:: AVAILABLE DATA ::
= = = =

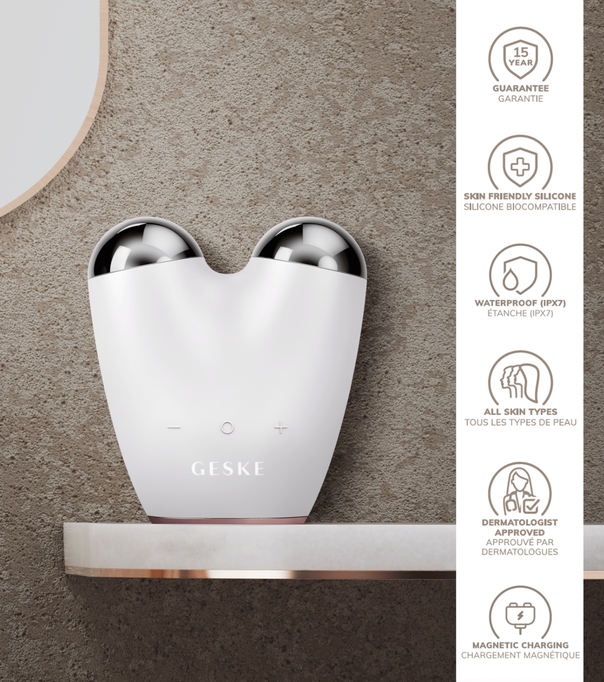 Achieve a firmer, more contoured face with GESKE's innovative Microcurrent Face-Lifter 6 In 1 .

= = = =

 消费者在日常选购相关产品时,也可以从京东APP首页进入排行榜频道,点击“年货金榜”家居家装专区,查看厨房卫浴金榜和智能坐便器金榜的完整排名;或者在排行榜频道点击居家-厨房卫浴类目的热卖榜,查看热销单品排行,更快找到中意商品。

= = = =

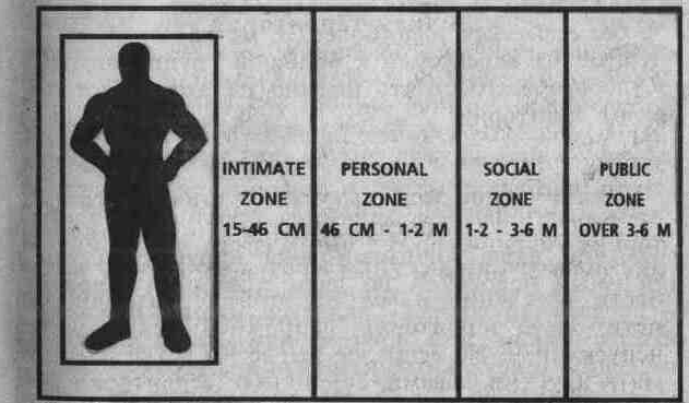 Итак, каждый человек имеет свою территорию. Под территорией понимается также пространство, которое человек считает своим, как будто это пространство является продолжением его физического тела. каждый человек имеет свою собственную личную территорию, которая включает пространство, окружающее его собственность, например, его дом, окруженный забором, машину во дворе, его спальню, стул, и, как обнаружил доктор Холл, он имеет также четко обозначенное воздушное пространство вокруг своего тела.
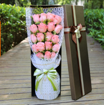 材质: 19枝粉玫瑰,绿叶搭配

= = = =

:: PROBLEM STATEMENT ::
Above are the records. Copy only the lines from the one with "Итак, каждый человек" through the one with "材质: 19枝粉玫瑰,绿叶搭配", exactly, with no pictures.

:: SOLUTION TO THE PROBLEM ::
 Итак, каждый человек имеет свою территорию. Под территорией понимается также пространство, которое человек считает своим, как будто это пространство является продолжением его физического тела. каждый человек имеет свою собственную личную территорию, которая включает пространство, окружающее его собственность, например, его дом, окруженный забором, машину во дворе, его спальню, стул, и, как обнаружил доктор Холл, он имеет также четко обозначенное воздушное пространство вокруг своего тела.
 材质: 19枝粉玫瑰,绿叶搭配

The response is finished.